A mediados de los años 90 del siglo XX, Juan Carlos Medina, el grupo Proyección Calpulli,
pulquería La Mangana y la delegación Tláhuac nos invitaban a don Carlos Illescas, a Mario
René Matute, a Julio Palencia, a Guisela López (y otros que no recuerdo) a diversas
actividades en la explanada delegacional que no tenían comparación con las tardeadas
sabatinas que se hacían en el patio trasero de tierra de La Mangana, debajo de un árbol
frondoso, donde colocaban sobre una mesa larga grandes barriles vitroleros llenos de
pulque y preparaban al momento los más extravagantes (desde nuestro cuadrado y limitado
gusto) curados; a nosotros nos servían unos de tuna roja, porque según el que nos los traía,
eran los que tomaba Moctezuma II Xocoyotzin, huey tlatoani de México-Tenochtitlan,
según recuerda Julio Palencia. Al lado del pulque estaba el anafre donde hacían quesadillas
de huitlacoche, flor de calabaza, hongos y otras de manjares para dioses, menos de queso.

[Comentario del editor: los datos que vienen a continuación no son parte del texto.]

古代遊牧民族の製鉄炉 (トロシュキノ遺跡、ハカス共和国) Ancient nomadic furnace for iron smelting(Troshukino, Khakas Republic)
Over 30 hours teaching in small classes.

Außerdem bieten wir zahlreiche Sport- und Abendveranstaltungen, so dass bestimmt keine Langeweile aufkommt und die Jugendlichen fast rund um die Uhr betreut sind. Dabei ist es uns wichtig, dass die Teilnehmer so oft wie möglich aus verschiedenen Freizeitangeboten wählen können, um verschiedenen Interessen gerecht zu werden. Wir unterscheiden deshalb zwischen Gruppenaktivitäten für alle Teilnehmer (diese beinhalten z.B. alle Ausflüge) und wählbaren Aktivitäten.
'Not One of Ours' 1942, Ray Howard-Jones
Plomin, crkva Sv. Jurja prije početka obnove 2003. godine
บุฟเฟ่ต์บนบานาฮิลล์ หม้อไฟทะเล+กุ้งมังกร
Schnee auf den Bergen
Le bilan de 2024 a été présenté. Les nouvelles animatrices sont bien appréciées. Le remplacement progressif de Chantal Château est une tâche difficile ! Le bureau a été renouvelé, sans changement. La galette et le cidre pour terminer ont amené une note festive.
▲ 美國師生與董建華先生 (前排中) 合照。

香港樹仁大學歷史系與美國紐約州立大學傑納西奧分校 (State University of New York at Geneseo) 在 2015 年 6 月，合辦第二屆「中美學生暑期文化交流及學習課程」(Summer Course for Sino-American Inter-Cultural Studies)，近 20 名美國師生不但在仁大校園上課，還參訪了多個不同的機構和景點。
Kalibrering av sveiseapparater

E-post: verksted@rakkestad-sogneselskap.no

Entre esos colores, olores, sabores, y varios oyentes y lectores que abandonaban el local
alargado de la pulquería más antigua del entonces Distrito Federal para participar de la
poesía bajo el árbol pasamos varias tardes con la incomparable compañía de uno de los
mejores poetas de Guatemala. Illescas —como se le conocía y sigue nombrando— tenía un
verbo prodigioso, encantador. Su grandeza la demostraba en actos sencillos donde no pedía
trato preferencial digno de su altura, menos retribución económica. Siempre que le decía
que había invitación para ir a La Mangana contestaba que sí, alegre, sin preguntar nada. Ese
modo de ser de don Carlos era genuino, el de un poeta.
En 1994-1996, Alejandro Ordorica —que era opositor al gobierno federal— fue
delegado político de Tláhuac. Antes de que nos invitaran a las memorables lecturas poéticas
en esa parte de la provincia de la mayor urbe del mundo, Alejandro convidaba a don Carlos
a celebrar en su casa el Grito de Independencia y el poeta me pedía que lo acompañara;
eran veladas donde su voz calmada centraba la plática alrededor de la mesa.

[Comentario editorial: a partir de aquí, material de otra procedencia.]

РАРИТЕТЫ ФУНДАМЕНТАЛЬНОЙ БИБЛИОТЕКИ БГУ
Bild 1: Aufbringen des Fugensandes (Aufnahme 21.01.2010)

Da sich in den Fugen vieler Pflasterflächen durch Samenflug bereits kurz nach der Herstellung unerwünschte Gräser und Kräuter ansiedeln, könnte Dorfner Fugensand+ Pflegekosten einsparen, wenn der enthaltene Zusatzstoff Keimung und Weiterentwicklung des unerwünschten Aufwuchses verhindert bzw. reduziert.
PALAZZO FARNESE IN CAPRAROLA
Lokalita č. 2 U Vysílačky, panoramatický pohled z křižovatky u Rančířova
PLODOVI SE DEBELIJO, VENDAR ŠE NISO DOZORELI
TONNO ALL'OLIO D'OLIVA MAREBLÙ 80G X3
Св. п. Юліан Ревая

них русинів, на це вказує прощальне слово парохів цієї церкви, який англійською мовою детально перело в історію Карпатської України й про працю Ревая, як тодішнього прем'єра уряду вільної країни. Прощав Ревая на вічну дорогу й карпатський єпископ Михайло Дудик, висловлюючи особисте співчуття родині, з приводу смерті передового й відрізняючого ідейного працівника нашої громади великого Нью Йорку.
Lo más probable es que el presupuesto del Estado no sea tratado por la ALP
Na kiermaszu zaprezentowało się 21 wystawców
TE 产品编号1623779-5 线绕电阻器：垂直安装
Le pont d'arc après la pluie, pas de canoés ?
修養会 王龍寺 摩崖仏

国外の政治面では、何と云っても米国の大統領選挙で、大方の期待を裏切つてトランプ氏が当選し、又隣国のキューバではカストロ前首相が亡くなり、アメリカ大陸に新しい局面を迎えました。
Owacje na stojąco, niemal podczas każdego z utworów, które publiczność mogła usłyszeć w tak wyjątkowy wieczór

Para ir a Tláhuac había que prepararse como para ir a una excursión. Eran horas de
desesperación sobre la única calle estrecha que había para llegar al centro de nuestro
destino que no eran aburridas por el ingenio que siempre destellaba Illescas; a cada rato
hacía alguna broma o contaba anécdotas sobre el lenguaje: albures, calambures, historias de
escritores; su papel de maestro no se reducía a una mesa redonda o de cualquier geometría;
conocía a los clásicos tan bien que dialogaba con ellos. Entre otros conocimientos, su
dominio de la filología, de las historias de las palabras nos embelesaban y nos distraían del
tedio del paisaje gris; su palabra era florida.

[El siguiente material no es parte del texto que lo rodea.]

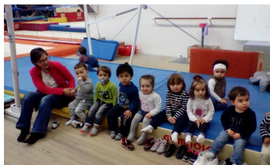
La séance d'Hautpouloise va bientôt commencer...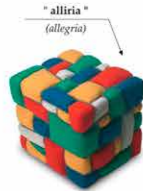
" alliria " (allegria)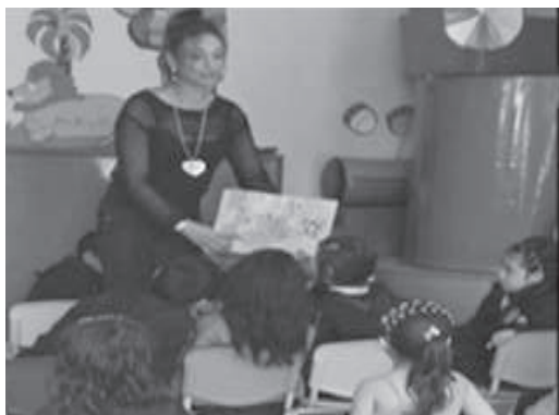
Figura 6. Socialización Centros de Interés

Socialización de los Centros de Interés de la institución, en una feria denominada Comunicarte. Luego se realizó una reflexión propositiva de la experiencia y se evaluaron los aciertos y las dificultades con miras al desarrollo de acciones de mejora, que le den al proyecto sostenibilidad en años posteriores.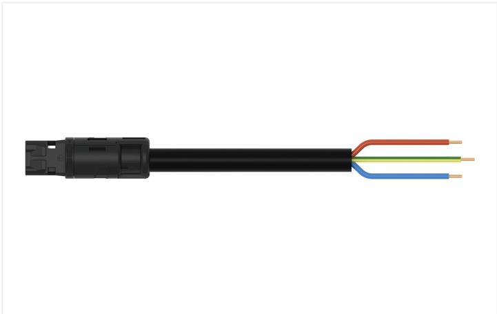
Couleur: ■ noir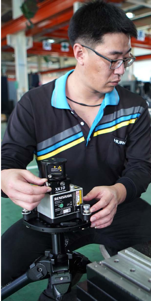
Hurco에서 XK10 정렬 레이저 시스템을 사용하는 모습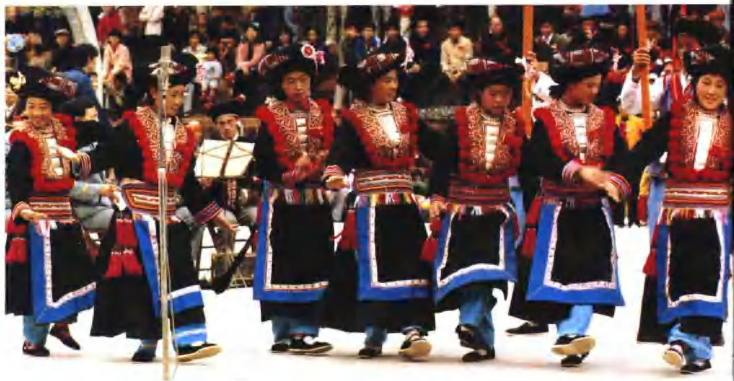
姑娘们穿着日常服饰，在欢庆盘王节的活动中间翩翩起舞。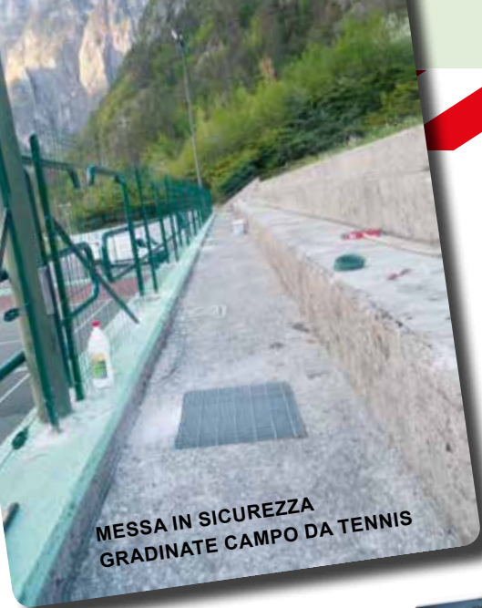
MESSA IN SICUREZZA GRADINATE CAMPO DA TENNIS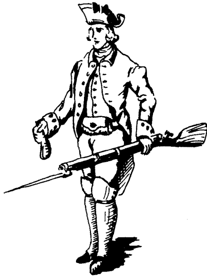
FUSILERO DE INFANTERIA, 1.768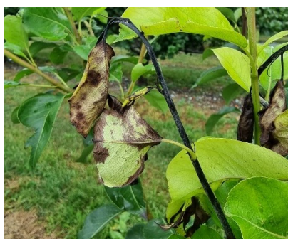
Symptômes sur poirier

Illescas abrevó en las culturas latina y griega y era experto en el Siglo de Oro español,
pero a la hora de estar frente a los oyentes de La Mangana era uno más. Leía con
entusiasmo y una cadencia que todos apreciaban. El respeto por la poesía que ahí se sentía
no era interrumpido por nadie. Se suspendía la rayuela (un juego donde no se apostaba
dinero sino pulque y los concursantes, desde una distancia convenida, lanzaban una moneda
para tratar de introducirla en el orificio de un cuadrado de madera) y sin obligar a nadie se
hacía silencio para escuchar los versos.
La Mangana ya cumplió 102 años. Según el poeta tlahuacense (¿tlahuaquense?) Iván
Cruz, que se fue a tomar unos curados el 8 de julio de 2022, todavía se despacha pulque en
la parte de atrás, que techaron; hay mesas y sillas, pero sin gente. En el local que ocupaba
el frente de la pulquería hay una venta de teléfonos celulares, que ninguno de nuestros
conocidos ni nosotros teníamos en esos tiempos de nuestras lecturas en dicho centro de
convivencia. Sobre la acera un pendón aconseja: «Detente, caminante, un pulque y
adelante» y un letrero móvil anuncia «La Mangana» que, según la Real Academia
Española, significa
«lazo que se arroja a las manos de un caballo o toro cuando va corriendo, para hacerlo
caer y sujetarlo». A varios nos lazó la mangana, para meternos a tomar pulque, que luego
nos hizo caer sin mayores daños que lamentar, en libertad, con la poesía de nuestro lado.